The production of green hydrogen could grow by almost five times to 614-million tonnes a year between now and 2050 to satisfy clean energy demands. The global capacity for electrolysers producing green hydrogen needed to meet this demand is forecast to increase from the 300 MW installed now to about 5 000 GW of electrolyser capacity in 2050.
However, this growth potential is predicated on the establishment of a global trade in green hydrogen as a commodity.
Today, the transportation and storage of hydrogen is mainly based on compressed hydrogen, which, owing to its low density, needs to be stored at either extremely high pressures of between 350 bar and 700 bar, or as a liquid at extremely low temperatures of about -253 °C, requiring specialist handling.
An alternative is to first transform the hydrogen into a commodity with a higher density by volume that is easier and more cost-effective to transport, for example ammonia.
Ammonia gas can be stored as a liquid at room temperature under a pressure of just 10 bar, or under atmospheric pressure at -33 °C. More than 125-million tonnes of ammonia are produced globally every year and processed into fertiliser in agriculture or used in chemical processes, among other things.
Using ammonia as a carrier to transport hydrogen enables the use of existing, well-developed supply chain infrastructure and trading mechanisms.
Multinational energy company RWE views green ammonia – produced without the use of fossil fuels – as the most competitive hydrogen derivative with the highest degree of technological maturity.
PIPELINE PROJECTS
At the Port of Immingham, in the UK, Associated British Ports is partnering with gas and chemical supplier Air Products to import green ammonia from production locations around the world. This will be used to produce green hydrogen, stimulating demand and supporting the development of a local and national green hydrogen market.

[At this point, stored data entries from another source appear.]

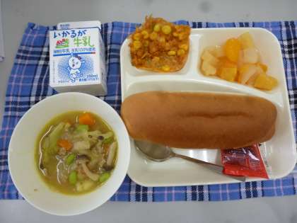 5月15日の給食は「豚肉と野菜のカレースープ煮」「変わりピザ」でデザートにミックスフルーツ」が出ました。変わりピザは一口サイズで、味もとてもおいしかったです。
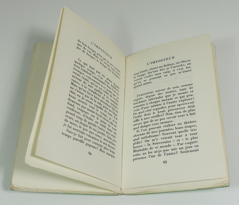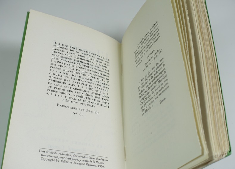 Bernard Grasset éditeur, collection "Les cahiers verts" -3-, 1950. In/8 (19 x 12 cm) broché, couverture imprimée et rempliée, 204 pages., 3 f. n. p. Frontispice dessiné par Jean Cocteau. Exemplaire numéroté sur Alfa (N°136).
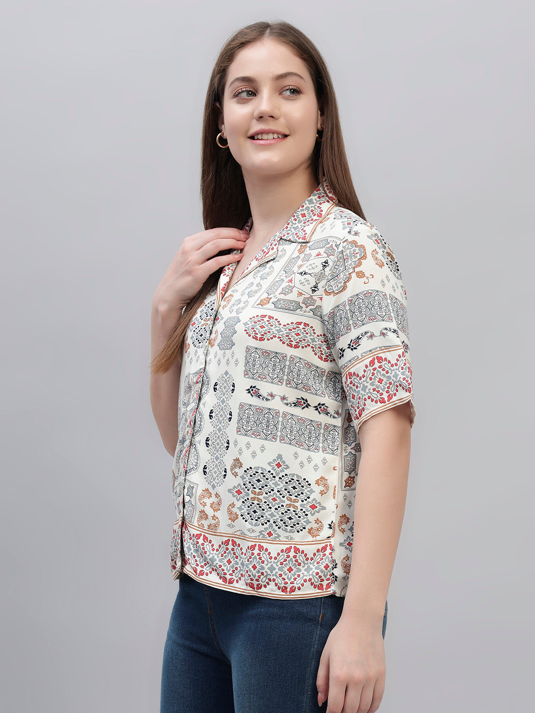 Women's White Printed Half Sleeves Spread Collar Casual Top
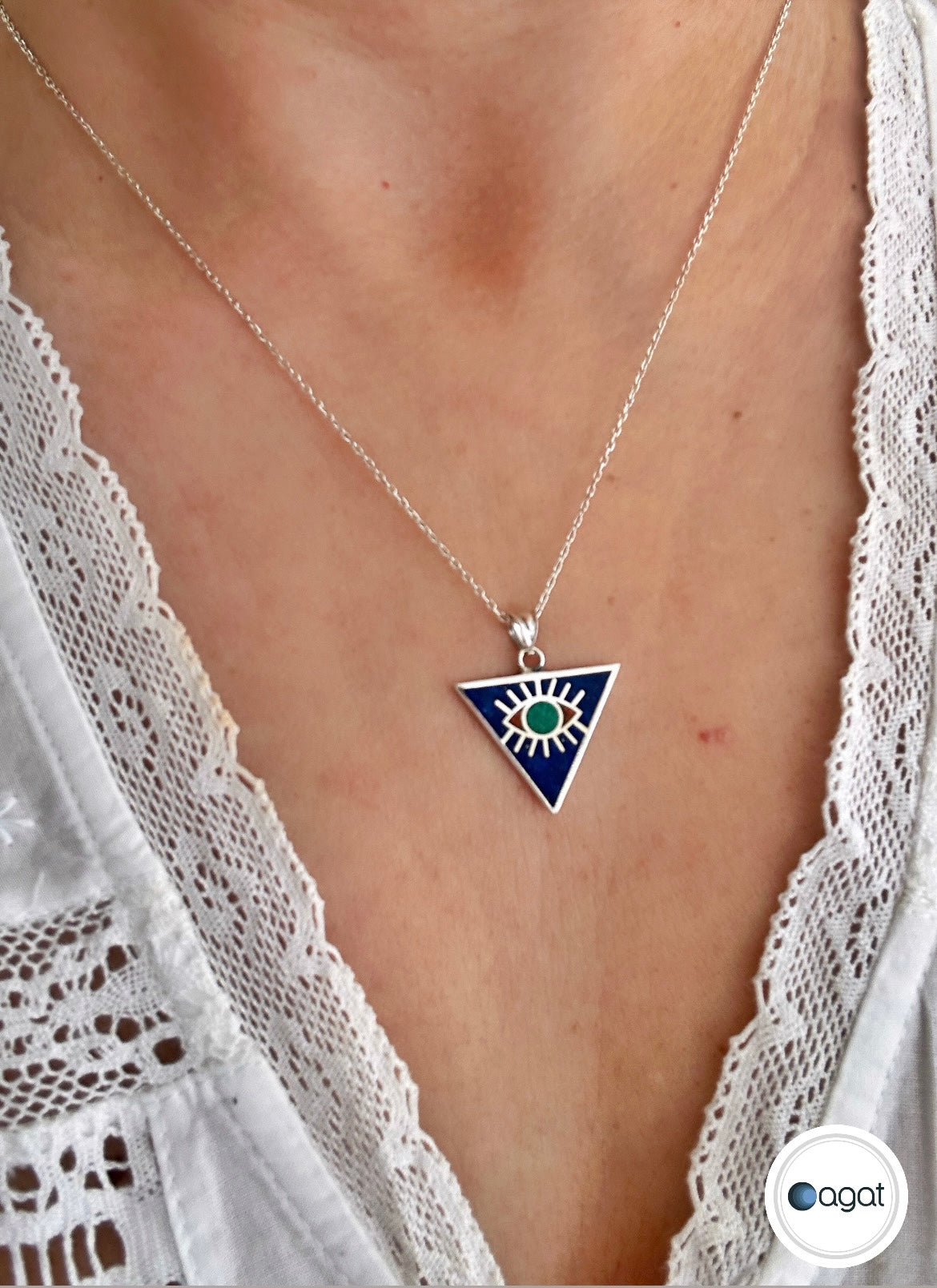Lapis, Mercan, Malahit & Muska Göz Detaylı Gümüş Kolye
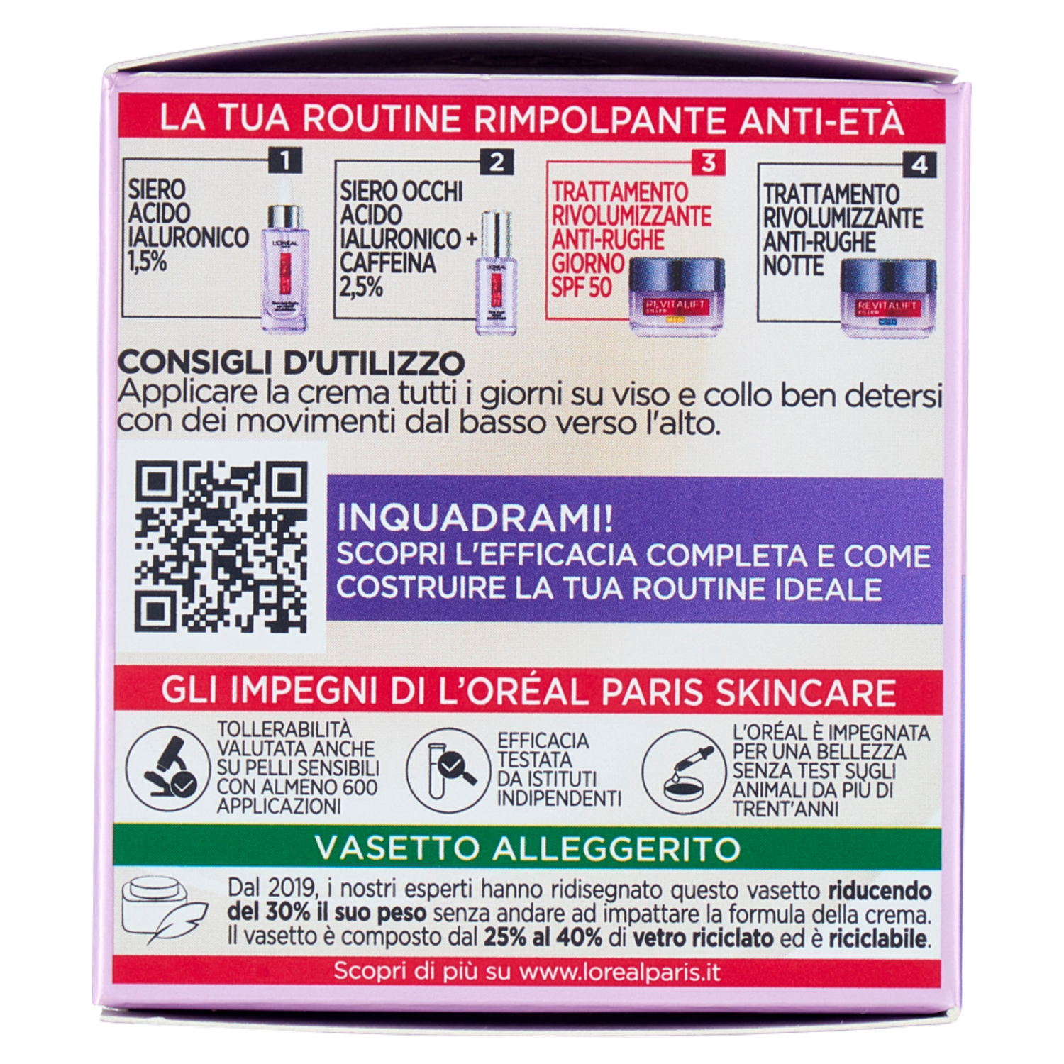 L'Oréal Paris Revitalift Filler Trattamento Rivolumizzante Anti-Rughe SPF 50 50 ml
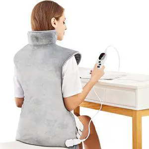 Mia&Coco Electric Heating Pad for Back Neck Shoulders Pain Relief, XL 23"x39" Soft Flannel Wrap, Waist Strap, Fast Heat Hot Therapy 6 Heat Settings, Auto-Off Timer, Machine Washable, Grey

The creation of north-west Europe’s first green ammonia hub, by refurbishing and expanding an existing energy storage facility at Vlissingen, in the Netherlands, is being evaluated by German energy company Uniper and Vesta Terminals.
The site is suitably located for the supply of green ammonia by seagoing vessels, and in a second phase it could be connected to the Dutch hydrogen pipeline network.
Uniper is assessing the development of several access points for green energy into Europe.
At the German Port of Wilhelmshaven, it is also planning an import terminal for green ammonia, which will be equipped with an ammonia cracker for reconversion of the ammonia to green hydrogen and nitrogen.
The terminal will be connected to the hydrogen network and would be capable of supplying about 295 000 t of hydrogen, or 10% of the demand expected for the whole of Germany, in 2030.